I’ve discussed supply chain development with hundreds of supply chain professionals. The most common remark I hear is: “Other sectors are much easier. Our supply chain is especially difficult.” Furniture sector companies highlight the challenges of low and lumpy demand, food sector companies the high volumes and spoilage risks, electronics companies lose sleep over short product life-cycles and the kind of rapid changes in trends and demand one might associate with the fashion industry. But, if it makes you feel any better, I can assure you that everyone has it tough.
Other sectors are much easier. Our supply chain is especially difficult.

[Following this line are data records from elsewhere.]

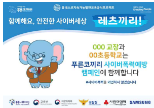
<선언 판넬 1개>
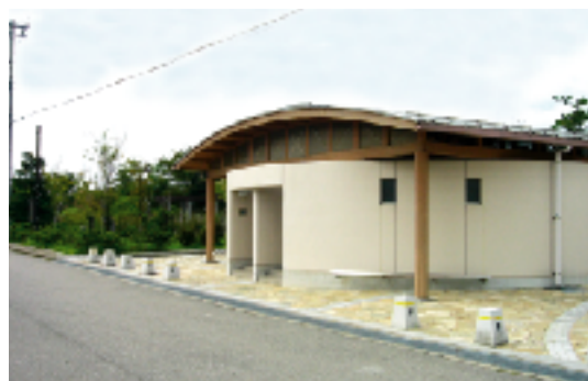
公園出入口に設置された公衆便所

従来、便所は人目につきにくいようにしてきたことから、危険性の大きい場所になりがちであったが、防犯の面からは周辺の道路、住宅又は園路等からの見通しを確保することが重要となる。
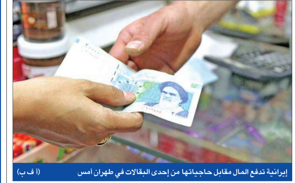
إيرانية تدفع المال مقابل حاجياتها من إحدى البقالات في طهران أمس

استعداد أوروبا - أميركي لتشديد العقوبات على إيران
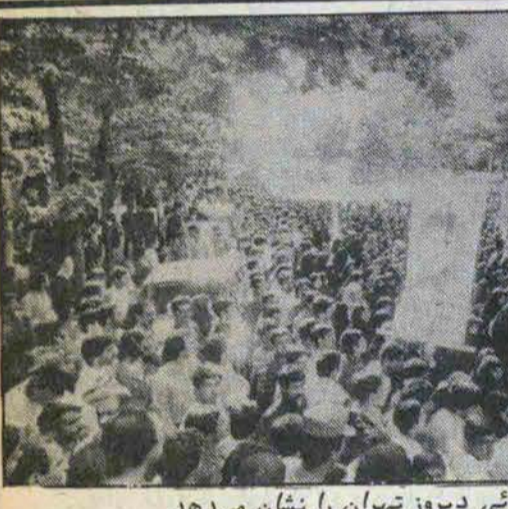
عکس بالا، راهپیمایی دیروز تهران را نشان می‌دهد
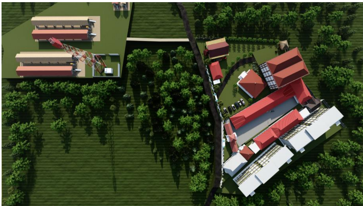
Gambar 4. Perspektif tampak atas seluruh bangunan pada rencana situasi

Adapun perspektif rencana situasi ditunjukkan dalam Gambar 4-6.
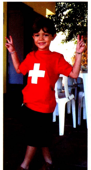
Os torcedores suíços em Salvador já se preparam para a Copa do Mundo 2010 !

Na Casa Suíça em Salvador, o time suíço, vice-campeão, contou com uma torcida organizada que se reuniu em torno de um farto churrasco para assistir à final e acompanhar a partida, ensaiando para a Copa do Mundo 2010, no próximo mês de junho na África do Sul. Todos os jogos que a Suíça vai disputar serão transmitidos na Casa Suíça, contando com o maior número possível de torcedores suíços!
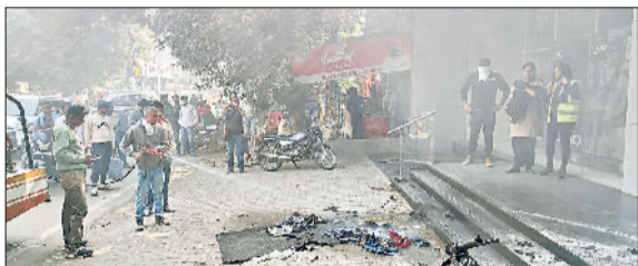
सोनीपत। जिन कपड़ों में आग लगी थी, उन्हें बुझाते हुए दमकल कर्मी।
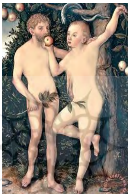
تصویر ۱. آدم و حوا، اثر Lucas Cranach در سال ۱۵۲۶ م

تابلوی نقاشی «آدم و حوا»، اثر لوکاس کراناخ (۱۴۷۲-۱۵۵۳ م.)، نقاش آلمانی است که بیشترین تعداد نقاشی از لحظه وسوسه آدم توسط حوا را در کارنامه هنری خود دارد. نقاشی حکایت از زمانی دارد که حوا با تعارف میوه ممنوعه به آدم قصد فریفتنش دارد. ماری که به شاخه‌های بالای درخت تنیده است، کنایه از وسوسه ابلیس است که به سمت حوا کج شده است. حلقه کردن دست آدم به دور گردن حوا، انسانی علاقه‌مند به همسرش را تداعی می‌کند که هیچ مقاومتی در مقابل درخواست همسر خود را ندارد. در مقابل حوا با تکیه دادن پای خود به درخت و لم دادن دست دیگرش بر روی شاخه درخت، مشابه روش نمایش سلطه‌گری و اعتماد به نفس در بسیاری از فرهنگ‌های مشابه در زبان بدن، امکان تسلط و سیطره خود بر آدم را به نمایش گذاشته است.
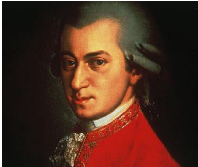
Figura 5 Wolfgang Amadeus Mozart
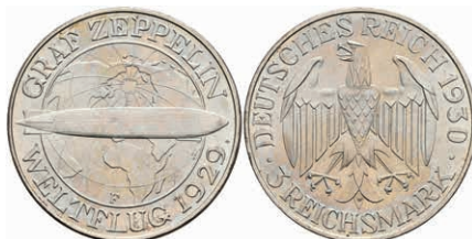
296 3 Reichsmark, 1930, F, Zeppelin, f. st. J. 342 50,—
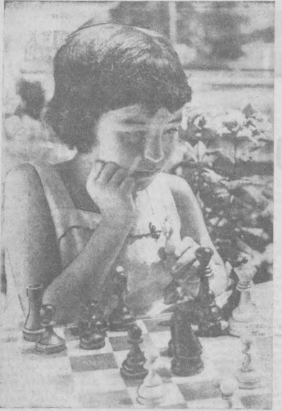
ЮНАЯ ШАХМАТНИЦА.
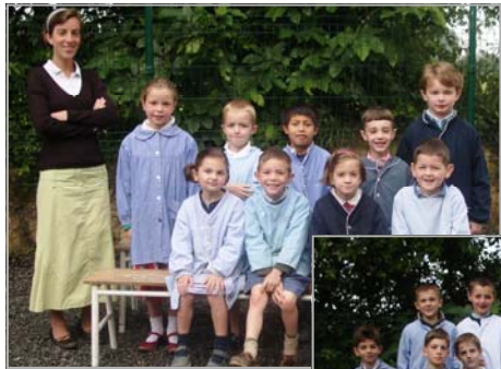
Les CP et GS

6. Nous voulons pour finir tous vous remercier Directrice et maîtresses, bricolage et ménage Et Sainte Philomène qui sur nous tous veille Sur notre école joyeuse, petite et animée.
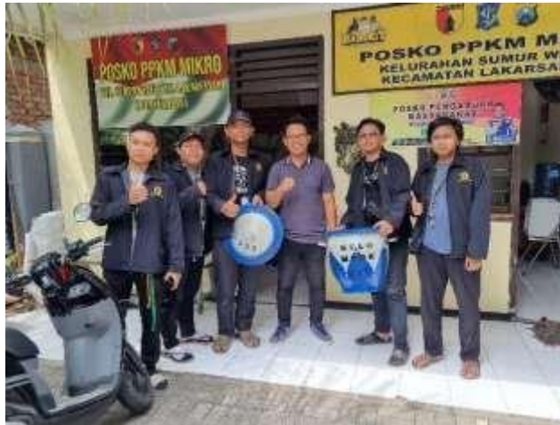
Gambar 12. Pemberian Beberapa Tong Sampah

dengan pemasangan cermin tikungan ini diharapkan bisa mengurangi terjadinya kecelakaan lalu lintas. Sebab, cermin tikungan yang berbentuk bulat dan cembung ini merupakan cermin pemandu jalan. Fungsi cermin ini akan memudahkan pengendara melihat kendaraan lain dari arah yang berlawanan.
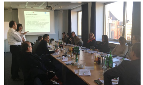
Voyage d'études Allemagne : Visite start-up center Chambre de commerce et d'industrie (IHK) - Düsseldorf

The challenges vary, but the nature of competition means that in any industry where forecasting or supply chain management are a bit easier, the bar for accuracy rises accordingly. I’m not the first in the supply chain field to pick up on this fact of life. Marshall Fisher’s “What is the right supply chain for your product?” still gives the best overview of the various supply chain challenges faced by different business sectors (more on it here).
To be fair not everyone thinks they have it more difficult than their opposite numbers in other areas. One particular supply chain director once confided to me: “This retail supply chain is so easy; you order and deliver the same goods, you just have to do the planning right”. This guy had moved into retail from shipbuilding, and considered the challenges retail supply chain managers faced rather more straightforward than managing the network of hundreds of interlinked subcontractors delivering the one-of–a-kind projects he’d overseen before. You see, there’s always someone worse off than yourself!
This retail supply chain is so easy; you order and deliver the same goods, you just have to do the planning right.